State Key Laboratory for Geomechanics and Deep Underground Engineering, China University of Mining and Technology, Xuzhou 221116, China.
School of Mechanics and Civil Engineering, China University of Mining and Technology, Xuzhou 221116, China.
Phys Rev E. 2019 Nov;100(5-1):053314. doi: 10.1103/PhysRevE.100.053314.
Pore size distribution (PSD), which is defined as the percentage of the pores of each size to the total volume of the pores, is a key parameter to characterize the microstructure of porous media. Based on the pore geometry definition of three-dimensional (3D) maximal ball and two-dimensional (2D) maximal disk in discrete space, an improved algorithm is proposed to obtain PSD from pore space images of porous media. To validate the accuracy of our algorithm, a synthetic porous medium with a known PSD is generated by computer simulation.
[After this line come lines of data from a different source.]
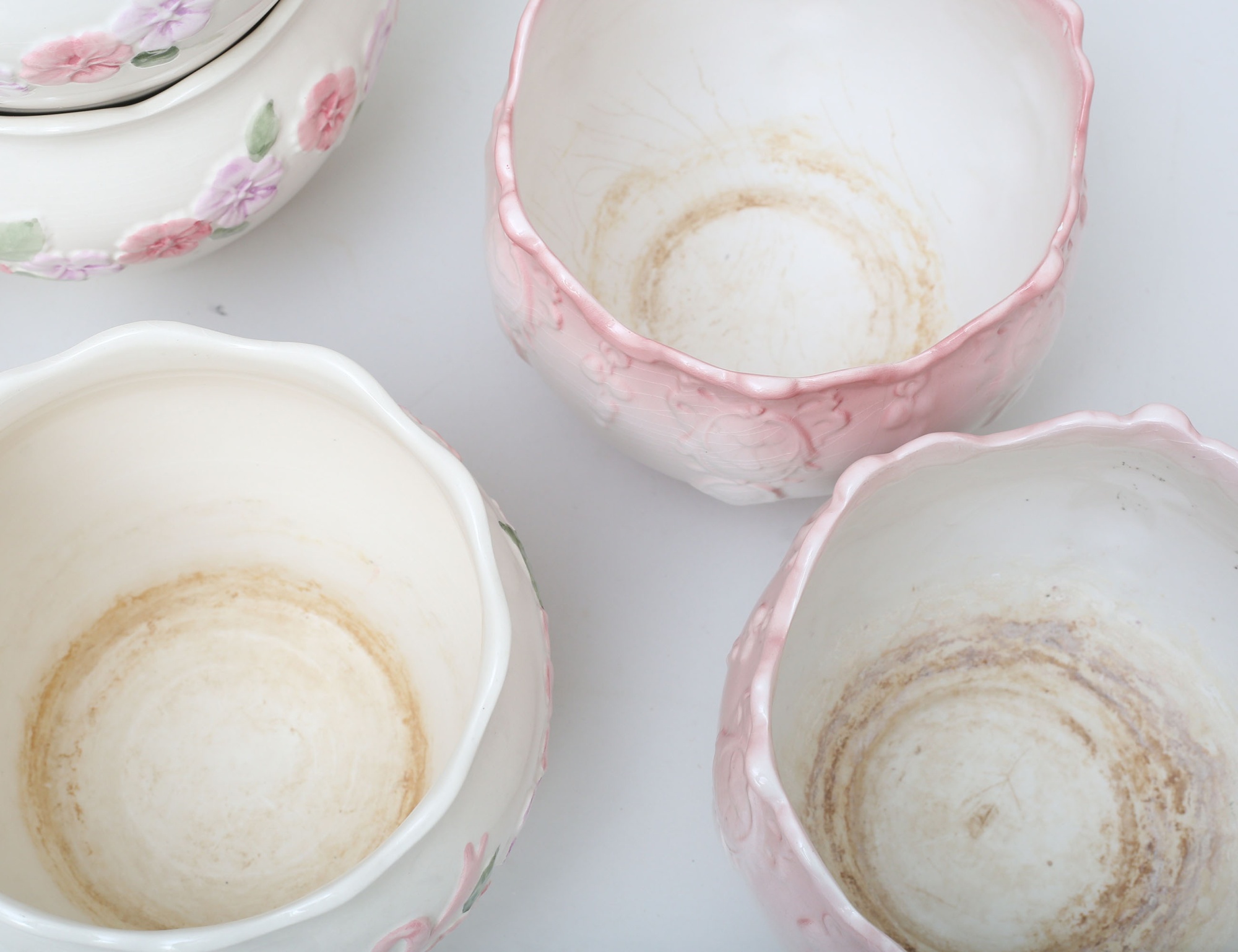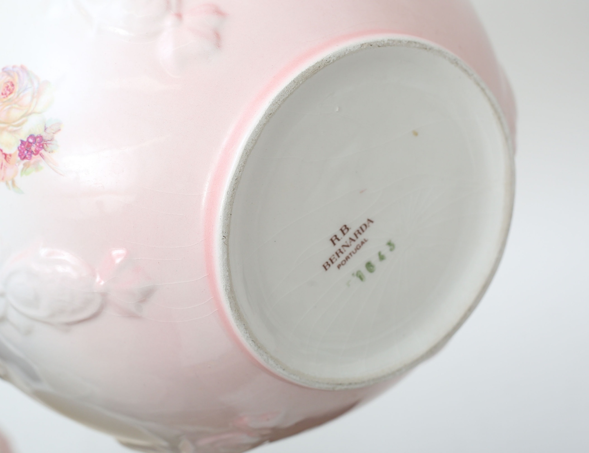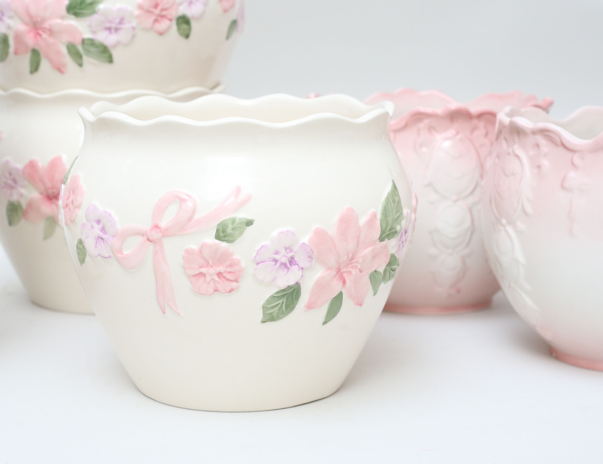 rosa och vita med reliefdekor, varav 2 märkta Bernarda Portugal, höjd 16/17, diameter 18/19 (invändig beläggning)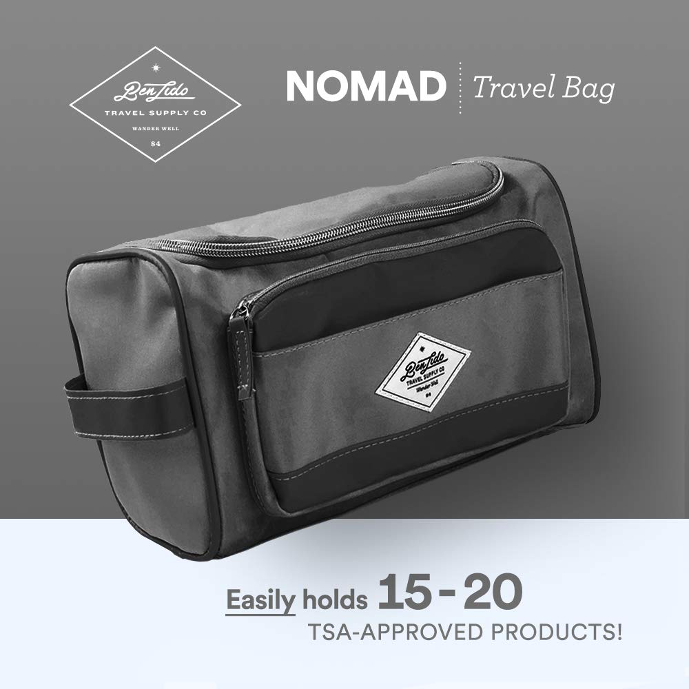 Details: 15 Piece kit contains: Face and Body: Barbasol Twin Blade Disposable Razor, Fresh Scent Shave Cream (package may vary), Head & Shoulders Shampoo 3 oz., Palm Scalp Brush, Old Spice Swagger Body Wash 3 oz., Old Spice A/P Deodorant .5 oz., Oral care: Crest Toothpaste .85 oz., Colgate Toothbrush, Dentek ADA Accepted Flossers 3 ct., Other: 4-Dude Wipes 1 ct., TSA compliant quart sized Zip top bag, in Black rectangular Nomad travel zippered bag with handle.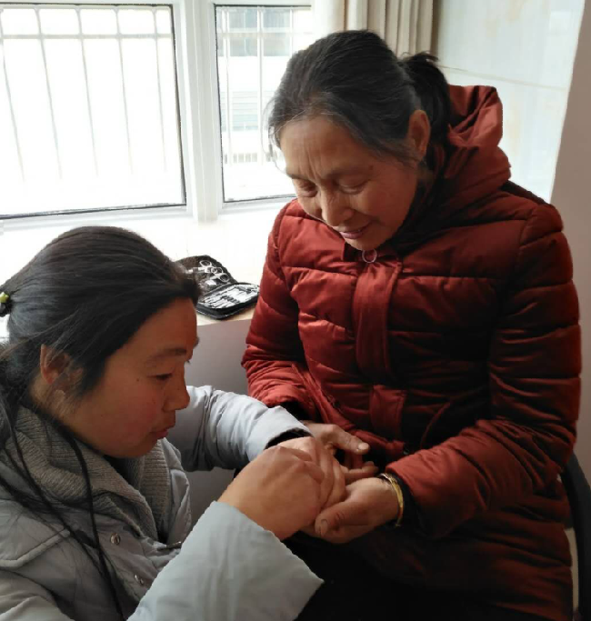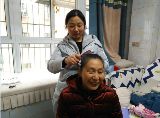 現(xiàn)在,只要街坊鄰居說起葉芹時,兩位婆婆總是搶著說:“能有這么個好兒媳,真是我們前世修來的福。”圖為葉芹在給婆婆梳頭剪指甲。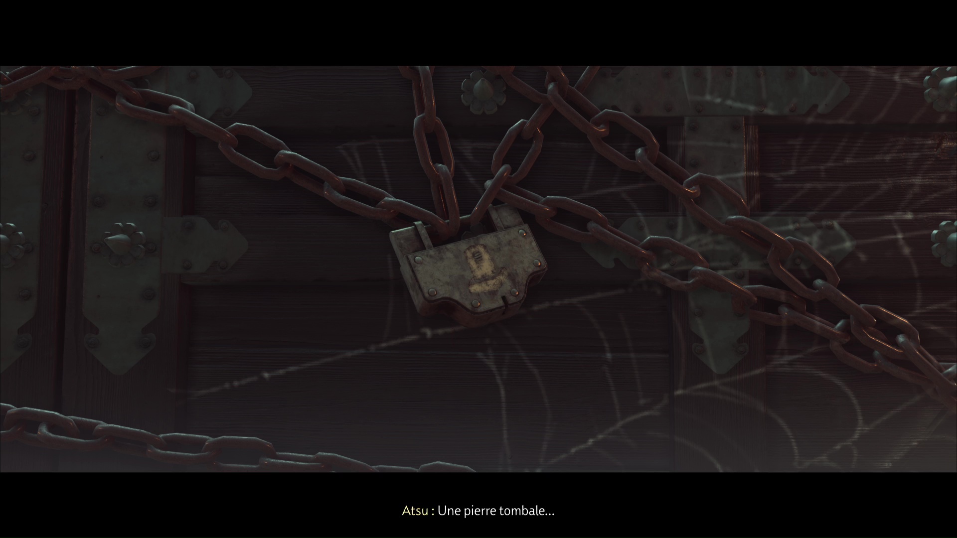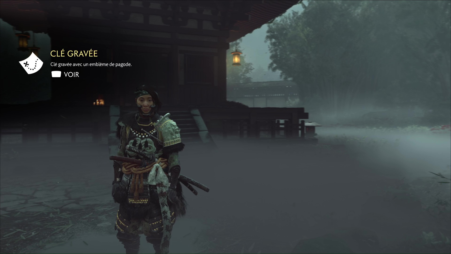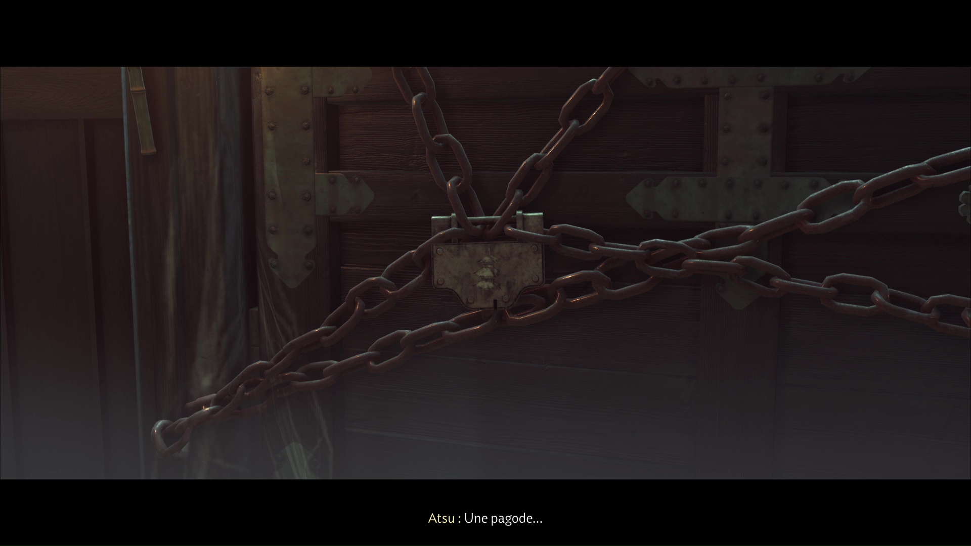 La clé suivante est on ne peut plus simple à obtenir. Rendez-vous au pied de la pagode et cherchez un coffre. Ouvrez-le pour obtenir la Clé gravée en forme de pagode. Vous aurez droit ensuite à une apparition du Général Tominaga, qui prend Atsu pour sa fille Yuri. Partez ensuite dans la direction droit devant vous pour rejoindre l’emplacement de la dernière clé.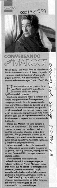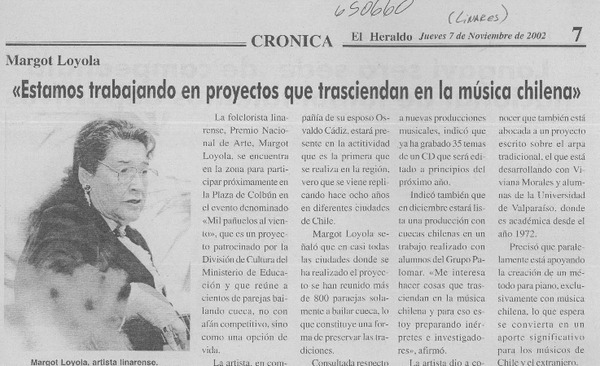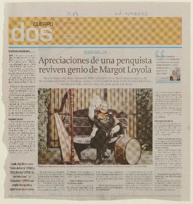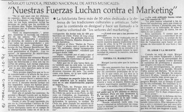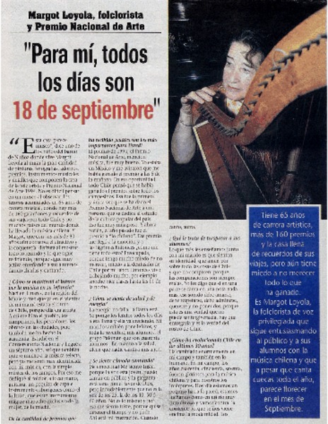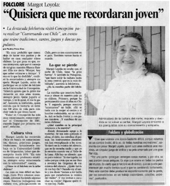 Apreciaciones de una penquista reviven genio de Margot Loyola [entrevista] : [artículo]

In addition, other 2D and 3D images of various types of samples, including sandstones, carbonates, and man-made materials, were also used to obtain PSD. The PSDs were compared quantitatively with that obtained by using the existing state of the art algorithm. The results show that our algorithm is more accurate in characterizing the pore structure and more consistent with the direct visual identification. In addition, the efficiency of our algorithm was also evaluated by calculating the PSD of large-scale 3D images, the results of which indicate that all calculations can be completed in a relatively short time.
孔径分布(PSD)定义为每个孔径尺寸的孔体积占总孔体积的百分比,是描述多孔介质微观结构的关键参数。基于离散空间中三维(3D)最大球和二维(2D)最大圆盘的孔几何定义,提出了一种改进的算法,从多孔介质的孔空间图像中获取 PSD。为了验证我们算法的准确性,通过计算机模拟生成了具有已知 PSD 的合成多孔介质。此外,还使用各种类型的样品(包括砂岩、碳酸盐岩和人造材料)的其他 2D 和 3D 图像来获取 PSD。将 PSD 与使用现有最先进算法获得的 PSD 进行定量比较。结果表明,我们的算法在描述孔结构方面更加准确,并且与直接目视识别更加一致。此外,还通过计算大规模 3D 图像的 PSD 来评估我们算法的效率,结果表明所有计算都可以在相对较短的时间内完成。